Kansas

Head of KU Medical Center tapped as new University of Kansas chancellor

Douglas Girod, head of the University of Kansas Medical Center, on Thursday was named the 18th chancellor of the University of Kansas.
Douglas Girod, head of the University of Kansas Medical Center, on Thursday was named the 18th chancellor of the University of Kansas. The Associated Press

Douglas Girod, who has led the University of Kansas Medical Center for the last four years, will be KU’s next chancellor.

The Kansas Board of Regents announced Thursday afternoon that after a five-month search, the board found KU’s 18th chancellor in house.

Girod, 59, told an audience on the KU campus in Lawrence that he was “honored and humbled to lead this great institution.”

Dave Dillon, who led the chancellor search committee, said the regents chose Girod after the committee had narrowed a long list of applicants to a handful.

The closed search never revealed the number of finalists or their identities.

“We only forwarded on the names we were ecstatic about,” said Dillon, retired chairman and CEO of the Kroger Co.

Girod, who has worked as a teacher and administrator at KU for 23 years, replaces Bernadette Gray-Little, who announced last year that she would retire this summer.

Gray-Little, who has led KU since 2009, was the university’s first African-American and first female chancellor. She came to KU from the University of North Carolina at Chapel Hill, where she was executive vice chancellor and provost.

“It’s hard to look anywhere on this campus and not see her influence,” Girod said of Gray-Little, praising her for roughly $700 million in construction and for shepherding the university through the most successful fundraising campaign in KU history.

“We owe Bernadette a great deal of gratitude,” Girod said.

In his new role, he said, he will focus first on student recruitment, retention and graduation rates.

He talked about creating a student experience task force to assess “what the big issues are and what are the big opportunities” that would improve students’ campus experience.

“We have to focus on this very quickly,” Girod said, adding that focus will continue on diversity and inclusion “and how we embrace it. There is much more work to be done. Not just with students but with faculty, too.”

Another big concern, Girod said, will be managing state funding for KU at a time when legislative support for higher education is shrinking. But he said having worked with lawmakers as head of the medical center gives him insight into how to better relate to them.

KU’s message to lawmakers, Girod said, “is to emphasize the return on investment. We do a great job with our state resources, but we don’t always do a great job telling our story.”

U.S. Rep. Kevin Yoder, a Kansas Republican, applauded the choice of Girod.

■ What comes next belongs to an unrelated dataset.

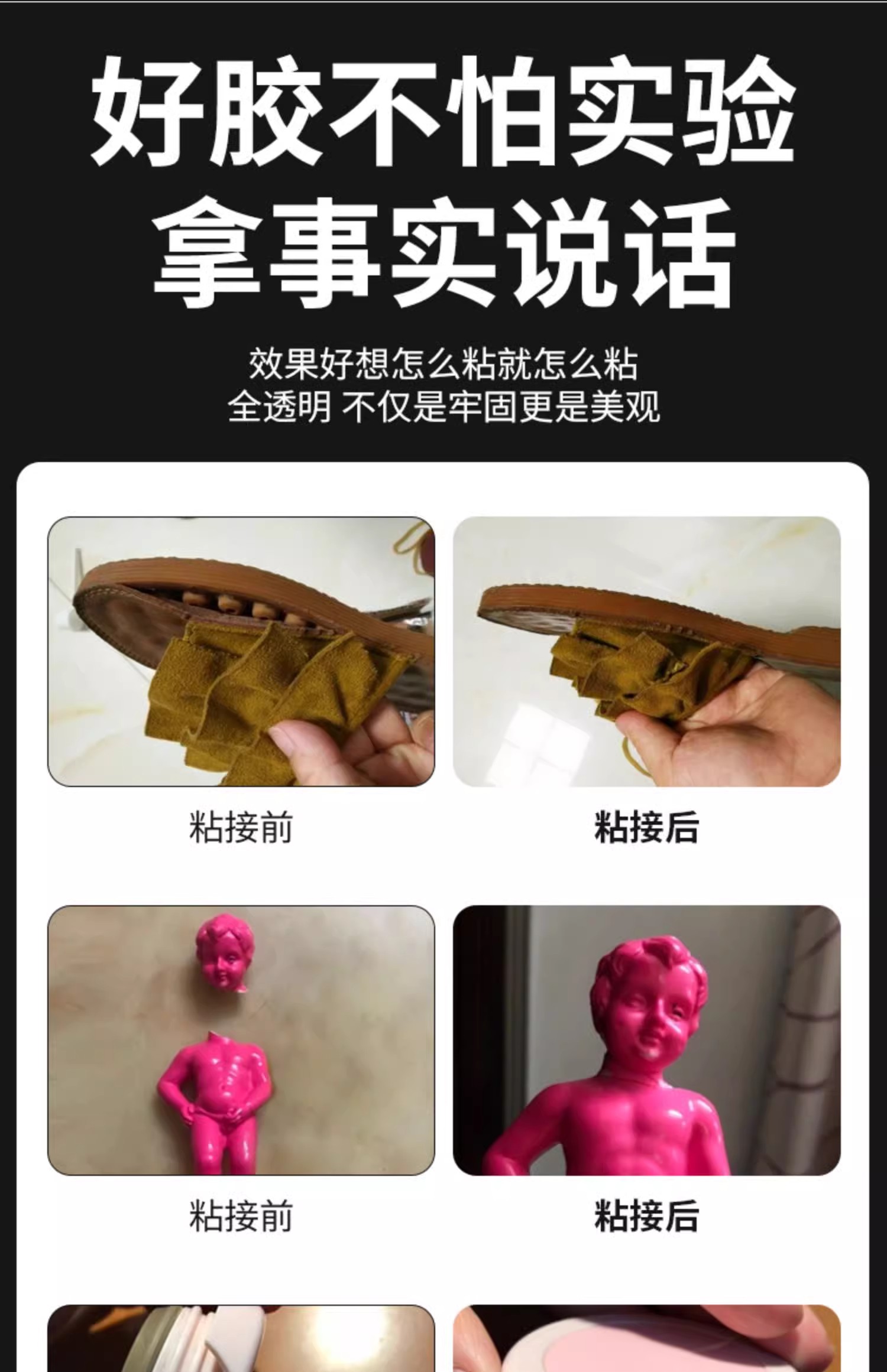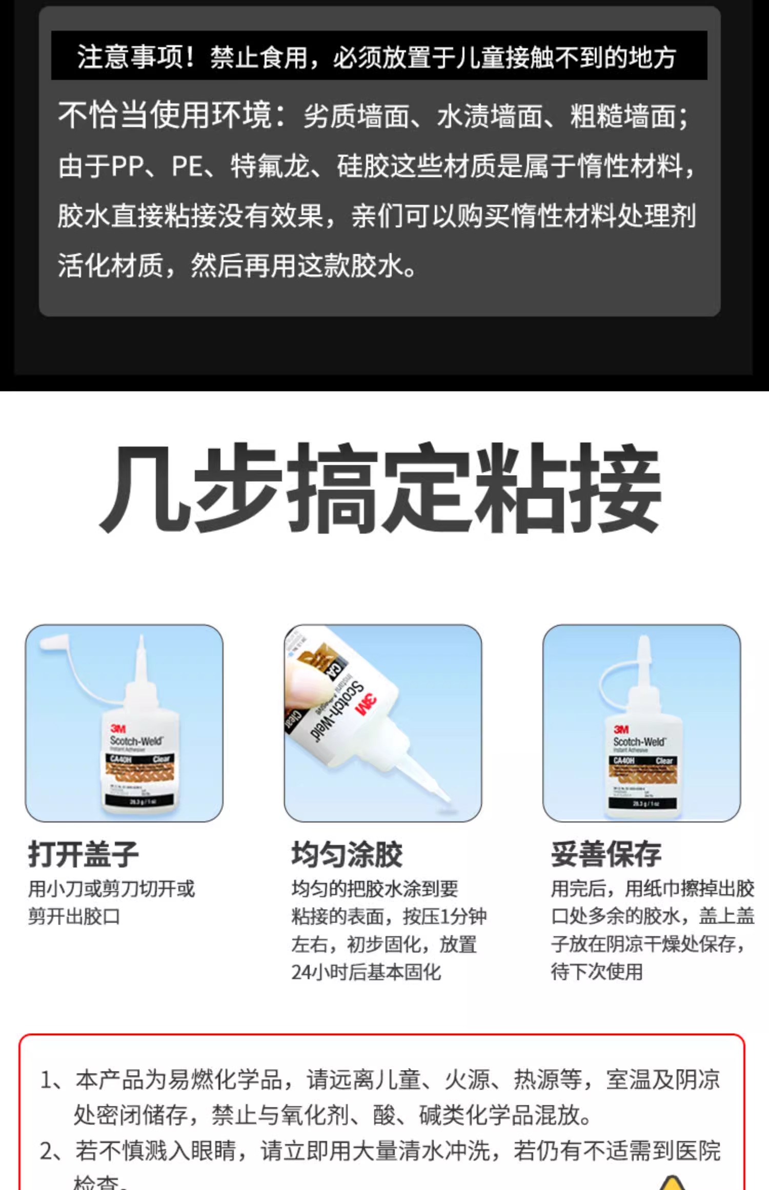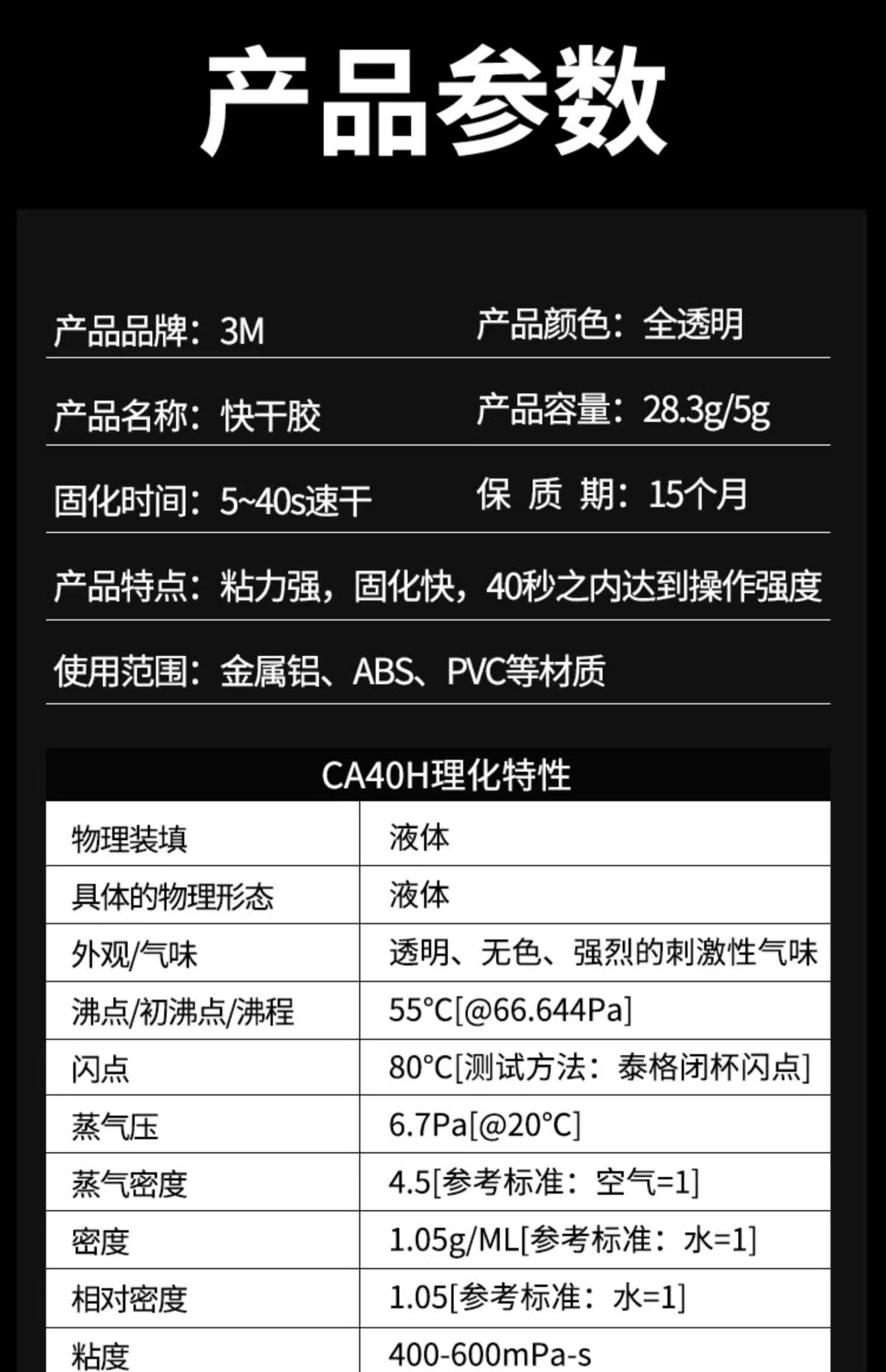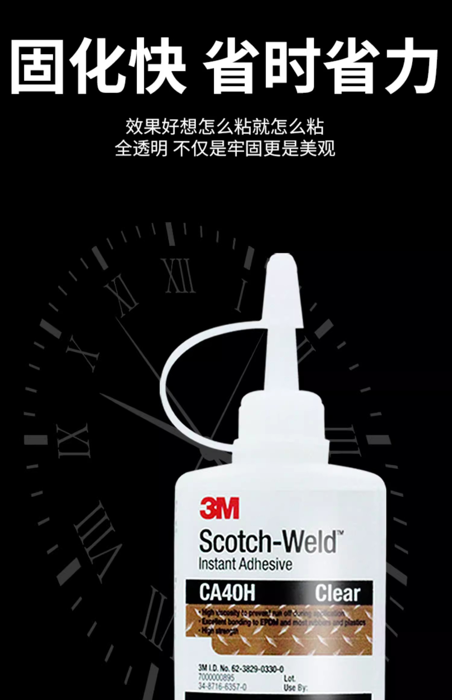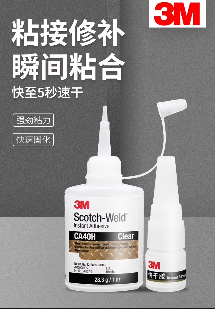 3M强力透明胶水高强度快干胶粘结陶瓷石头玻璃金属塑料木头亚克力家具饰品固定免打孔免钉多功能胶水CA40H

“I’ve had the privilege of getting to know him well through our work together in building the research capabilities at KU Med through funding at the National Institutes of Health,” Yoder said in a statement. “His character and personality are even more impressive than his lengthy resume.”

As executive vice chancellor of the KU Medical Center, Girod has overseen the educational, research, patient care and community engagement missions of the university’s schools of medicine, nursing and health professions. Together, they have a yearly enrollment of more than 3,300 students, a workforce of more than 3,800 faculty and staff, and external research funding of nearly $110 million. KU Medical Center has campuses in Kansas City, Kan.; Wichita; and Salina.

As KU chancellor, Girod will serve as the university’s CEO, overseeing campuses in Lawrence; Kansas City, Kan.; Overland Park; Salina; and Wichita, in addition to research and educational centers in Hays, Parsons, Topeka and Yoder. The chancellor reports directly to the regents.

According to the university website, Girod, who is a surgeon, joined the KU Medical Center faculty in 1994 and became chairman of the otolaryngology department in 2002. While he was in that role, the University of Kansas Hospital received seven years’ worth of U.S. News & World Report “Best Hospitals, Ear, Nose and Throat” national rankings.

Girod earned his bachelor’s degree in chemistry from the University of California, Davis, and his medical degree from the University of California, San Francisco. He completed his residency and an NIH research fellowship at the University of Washington in Seattle.

Girod and his wife, Susan, have three grown children living in the Kansas City area.

Girod is the second leader named to a major Kansas four-year institution in the last six months. In November, Gen. Richard B. Myers was picked as the 14th president of his alma mater, Kansas State University.